2. Overdispersed mosquitos¶

Recall the per-kid mosquito bite and odor (in ppm) data from HW#7. Well, we turned up some more data, from unfortunate kids who were kept home after the trip due to a large number of mosquito bites. Here are the new, amended data:

In [33]:
bites = np.array([4, 5, 4, 2, 4, 8, 4, 6, 7, 5, 4, 0, 5, 7, 5, 3, 2, 0, 3, 4, 5, 3, 6, 1, 2, 3, 5,
                  20, 31])  # <-- new
odor = np.array([ 2.8,  4.4,  6.9,  2.3,  5.9, 10.2,  3.2,  7.6,  6.3,  4.5,  4.3,
                0. ,  8.2,  5.4,  7.6,  3.3,  3.9,  0.1,  2.7,  4.7,  2.1,  4.3,
               11.3,  1.7,  2.8,  2.9,  8.5,
                5.2, 9.8])  # <-- new

Previously, we fit a Poisson model, but these data show overdispersion.
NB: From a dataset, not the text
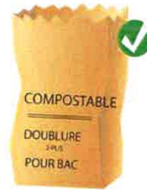
SACS EN PAPIER

Tous les sacs en plastique, qu'ils soient « compostables », « oxobiodégradables », « dégradables » ou conventionnels sont refusés dans le bac brun. Pourquoi? Parce que les sacs « compostables », « oxobiodégradables », « dégradables » se décomposent beaucoup plus lentement que les matières organiques laissant des morceaux de plastique dans le compost. Certains lambeaux de plastique peuvent également être emportés par le vent créant ainsi des nuisances dans le milieu naturel. De plus, les sacs de plastique fermés qui contiennent des matières organiques peuvent générer de fortes odeurs nuisant au voisinage du lieu de compostage. Pour toutes ces raisons, le ministère de l'Environnement a décrété que la Ville de Rimouski n'était pas autorisée à recevoir des matières organiques dans des sacs de plastique sur sa plateforme de compostage.

Please fit a Negative Binomial model: as before, if $Y_i$ is the number of bites the $i^\text{th}$ kid got, and $X_i$ is their "odor" value, then we want to fit: $$\begin{aligned} Y_i \sim \text{NegBinom}(\text{mean}= \exp(a X_i + b), \text{n}=n) , \end{aligned}$$ i.e., find the values of $a$ and $b$ and $n$ at which this model best fits the data. (Another way to parameterize the Negative Binomial distribution, as used for instance by scikit-learn is with $n$ and $p$; if the mean is $\mu$, then then these are related by $p = 1/(1 + \mu/n)$. Also note that $n$ does not have to be an integer.)

(a) Implement the negative log-likelihood function: this should take $a$ and $b$ and $n$ as arguments, and return the negative log likelihood of the data (i.e., of bites and odor) under the model above. You may use scipy.stats.nbinom.

(b) Use your function from (a) and scipy.optimize.minimize to find the maximum likelihood estimates of $a$ and $b$ and $n$. Note: you may have to try different starting points to find starting place that converges successfully (the output should say "Optimization terminated successfully").

(c) Showing how expected number of bites (using the MLE values of $a$ and $b$ from (b)) increases with odor and how this compares to the observed number of bites (for instance, by plot of the data with a line for the expected number); include a comparison to our previous model (which had mean bites = $\exp(0.13 \times \text{odor} + 0.7 )$).